> _WORK REQUEST_: Beginning at the line with "6.12.1 Buy Chatsworth", please repeat each line exactly through the end of the records below, including that first line and the last, but no pictures.

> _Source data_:
--------
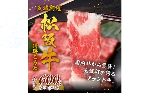 玉城町産 松阪牛特選こうね 600g(300g×2P)(肉 牛肉 松阪牛 国産 特選 こうね ブリスケ 希少部位 贅沢 すき焼き 冷凍 ミライエ 小林牧場 炒め物 牛丼 誕生日 お祝い 記念日 家庭用 三重県 玉城町)
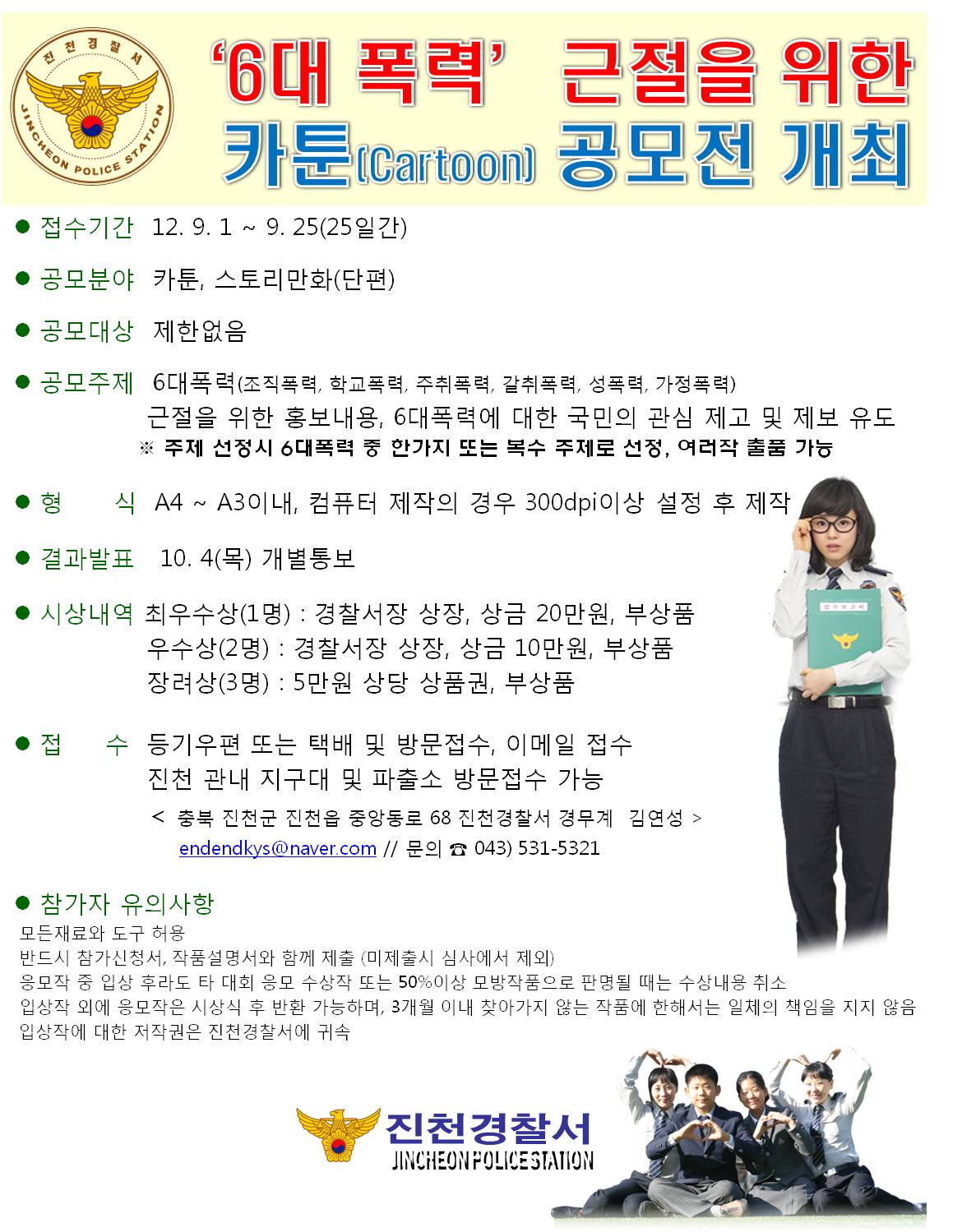 ▶ 접 수 - 등기우편 또는 택배 및 방문접수, 이메일 접수 모두가능 - 진천 관내 지구대 및 파출소 방문접수 가능 < 충북 진천군 진천읍 중앙동로 68 진천경찰서 경무계 김연성, 우편번호 : 365-807> endendkys@naver.com
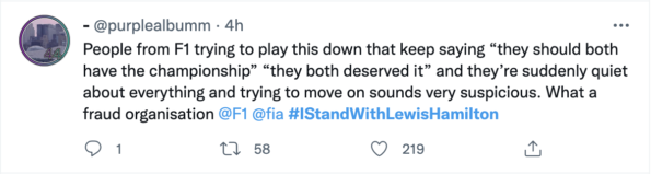 “People from F1 trying to play this down that keep saying “they should both have the championship” “they both deserved it” and they’re suddenly quiet about everything and trying to move on sounds very suspicious. What a fraud organisation @F1 @fia #IStandWithLewisHamilton.”
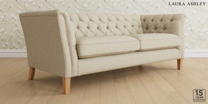 6.12.1 Buy Chatsworth Button Back by Laura Ashley 3 Seater Sofa Wooton Natural Straight Mid - Light Oak from the Laura Ashley online shop Click here to use our website with more accessibility support, for example screen readers
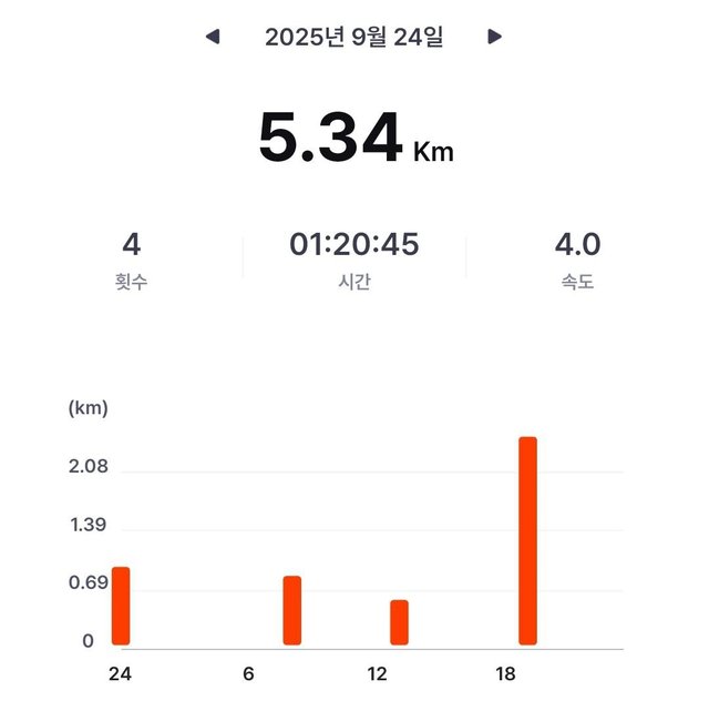 [M2E] 2025/09/24 오운완 5.34 km (일일 목표: 3 km)
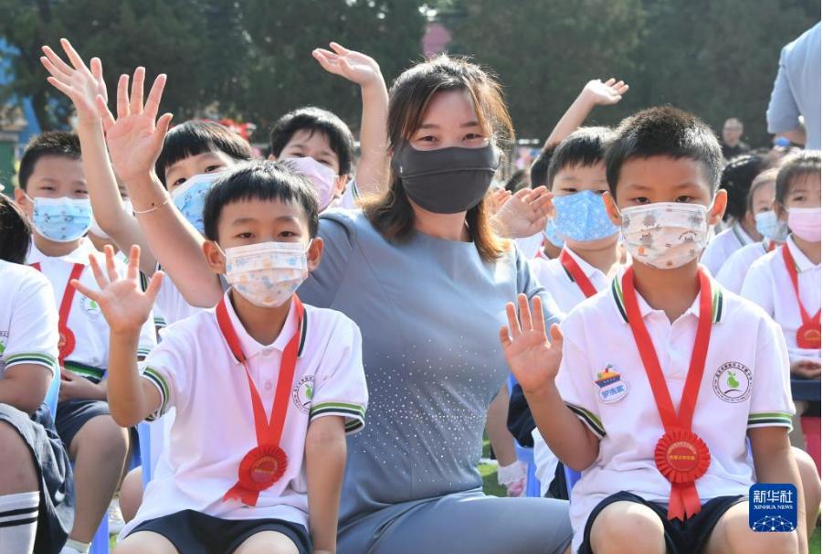 9月1日,在北京市海淀區(qū)太平路小學(xué),學(xué)生在開(kāi)學(xué)典禮中表演節(jié)目。
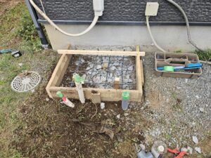 今回はエコキュート交換とソーラーパワーコンデンサの交換工事です。既存エコキュートの基礎が傾いていたので新しく基礎からやり変えました。前に施工した業者様基礎に鉄筋入ってませんけど?何百キロにもなるエコキュートの基礎に鉄筋いれなきゃ傾きますよ…❗色んな業者が居ますね(笑)今回は差し筋入れて鉄筋入れて杭も打ち込んだのでバッチリです😀ソーラーのパワーコンデンサも10年経つとくたびれて発電量が少なくなるようです。新しいパワコンに交換したら今までの倍近く発電してくれました。お客様にも喜んで頂けました😌ちなみにエコキュート交換は今、国から補助金が出ますのでなくなる前に交換がお勧めです。8万円~10万円位出ますよー😄申請代理店で施工しないと補助金貰えないので注意して下さい。弊社は補助金登録店なので施工宜しくお願い致します。😄
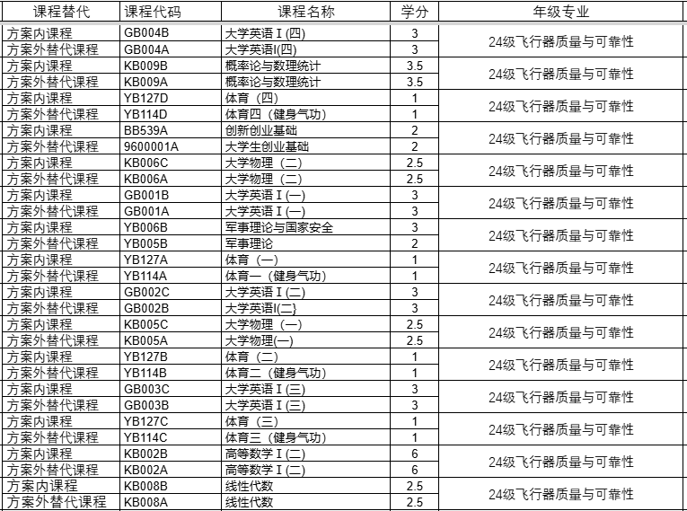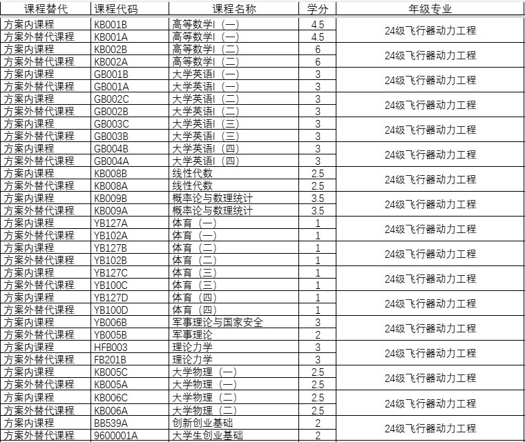 航空发动机学院2025-2026-1学期第8周课程替代公示
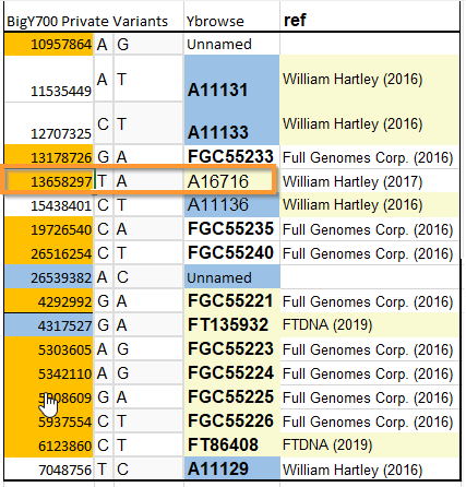 - It is likely that I was anticipating that the two new SNPs in the A11132 Block could have formed a new branch between the new tester and myself. However, I don’t have enough information to evaluate how it was determined that the previous Hartley BigY tested had A16716 and FT226983.
--------
> _EXERCISE ANSWER_:
 6.12.1 Buy Chatsworth Button Back by Laura Ashley 3 Seater Sofa Wooton Natural Straight Mid - Light Oak from the Laura Ashley online shop Click here to use our website with more accessibility support, for example screen readers
 [M2E] 2025/09/24 오운완 5.34 km (일일 목표: 3 km)
 9月1日,在北京市海淀區(qū)太平路小學(xué),學(xué)生在開(kāi)學(xué)典禮中表演節(jié)目。
 今回はエコキュート交換とソーラーパワーコンデンサの交換工事です。既存エコキュートの基礎が傾いていたので新しく基礎からやり変えました。前に施工した業者様基礎に鉄筋入ってませんけど?何百キロにもなるエコキュートの基礎に鉄筋いれなきゃ傾きますよ…❗色んな業者が居ますね(笑)今回は差し筋入れて鉄筋入れて杭も打ち込んだのでバッチリです😀ソーラーのパワーコンデンサも10年経つとくたびれて発電量が少なくなるようです。新しいパワコンに交換したら今までの倍近く発電してくれました。お客様にも喜んで頂けました😌ちなみにエコキュート交換は今、国から補助金が出ますのでなくなる前に交換がお勧めです。8万円~10万円位出ますよー😄申請代理店で施工しないと補助金貰えないので注意して下さい。弊社は補助金登録店なので施工宜しくお願い致します。😄
 航空发动机学院2025-2026-1学期第8周课程替代公示
 - It is likely that I was anticipating that the two new SNPs in the A11132 Block could have formed a new branch between the new tester and myself. However, I don’t have enough information to evaluate how it was determined that the previous Hartley BigY tested had A16716 and FT226983.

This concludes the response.